Faraggi M, Peretz P, Weinraub D
Int J Radiat Biol Relat Stud Phys Chem Med. 1986 Jun;49(6):951-68. doi: 10.1080/09553008514553181.
Solution properties of the iron-(III) 'picket-fence-like' porphyrin, Fe(III)-alpha,alpha,alpha, beta-tetra-ortho (N-methyl-isonicotinamidophenyl) porphyrin, (Fe(III)PFP) were investigated. These were acid/base properties of the aquo complex with pKa of 3.9 and its aggregation (formation of dimer with K = 1 X 10(-10) dm3 mol-1), complex formation with cyanide ions and 1-methyl imidazole (1-MeIm), spectral properties of the three iron complexes in their ferric and ferrous form and the one-electron reduction potential of these complexes. Knowing these properties, the reaction of the ferric complexes, aquo, dicyano and bis (1-MeIm), with the superoxide radical and other reducing radicals were studied using the pulse radiolysis technique. The second-order reaction rate constant of O2- with the iron (III) aquo complex which governs the catalytic efficiency of the metalloporphyrin upon the disproportionation of the superoxide radical was 7.6 X 10(7) dm3 mol-1 s-1, two orders of magnitude faster when compared to the reaction of each of the other complexes. The reduction by other radicals with all iron (III) complexes had similar second-order rate constants (10(9) to 10(10) dm3 mol-1 s-1). The reduction reaction in all cases produced Fe(II)PEP and no intermediate was found. The oxidation reaction of Fe(II)PEP by O2- was one order of magnitude faster when compared to the reduction of Fe(III)PFP by the same radical. Since the reactivity of O2- toward the three iron (III) porphyrin complexes follows their reduction potentials, it is suggesting the formation of a peroxo Fe(II) porphyrin as an intermediate. The reactions of the Fe(II)PFP complexes with dioxygen were also studied. The aquo complex was found to be first order in O2 and second order in Fe(II)PFP, suggesting the formation of a peroxo Fe(II) porphyrin as an intermediate. The intermediate formation was corroborated by evidence of the rapid CO binding reaction to the aquo complex of Fe(II)PFP. The two other complexes reacted very slowly with O2 as well as with CO.

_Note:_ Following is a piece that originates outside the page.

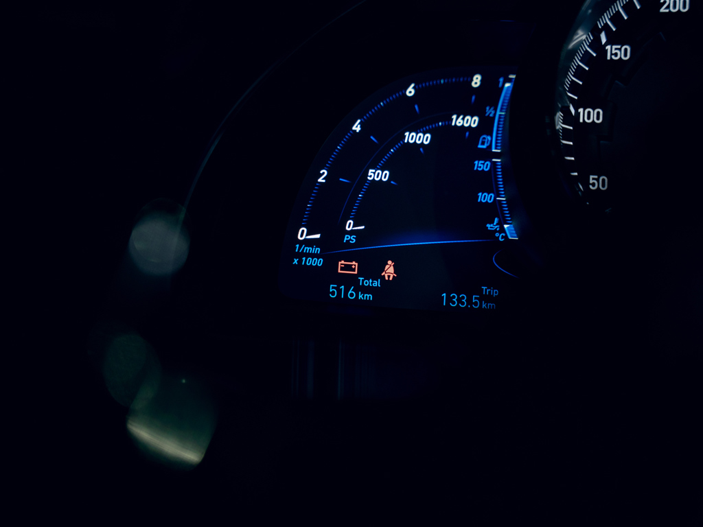 The car displays only 516 kilometers and was recently serviced by an authorized dealer, suggesting it's in near-perfect condition with only minor signs of use.

研究了铁(III)“栅栏状”卟啉,即Fe(III)-α,α,α,β-四邻(N-甲基异烟酰胺基苯基)卟啉(Fe(III)PFP)的溶液性质。这些性质包括水合配合物的酸碱性质(pKa为3.9)及其聚集情况(形成二聚体,K = 1×10⁻¹⁰ dm³ mol⁻¹)、与氰离子和1-甲基咪唑(1-MeIm)形成配合物的情况、三种铁配合物在其铁离子和亚铁离子形式下的光谱性质以及这些配合物的单电子还原电位。了解这些性质后,使用脉冲辐解技术研究了铁离子配合物、水合配合物、二氰配合物和双(1-MeIm)配合物与超氧自由基及其他还原自由基的反应。超氧阴离子与铁(III)水合配合物的二级反应速率常数决定了金属卟啉对超氧自由基歧化反应的催化效率,为7.6×10⁷ dm³ mol⁻¹ s⁻¹),与其他每种配合物的反应相比快两个数量级。其他自由基与所有铁(III)配合物的还原反应具有相似的二级速率常数(10⁹至10¹⁰ dm³ mol⁻¹ s⁻¹)。在所有情况下,还原反应均生成Fe(II)PEP,未发现中间体。超氧阴离子对Fe(II)PEP的氧化反应比同一自由基对Fe(III)PFP的还原反应快一个数量级。由于超氧阴离子对三种铁(III)卟啉配合物的反应活性遵循它们的还原电位,这表明形成了过氧Fe(II)卟啉作为中间体。还研究了Fe(II)PFP配合物与氧气的反应。发现水合配合物对氧气为一级反应,对Fe(II)PFP为二级反应,这表明形成了过氧Fe(II)卟啉作为中间体。Fe(II)PFP水合配合物与一氧化碳的快速结合反应的证据证实了中间体的形成。另外两种配合物与氧气以及与一氧化碳的反应都非常缓慢。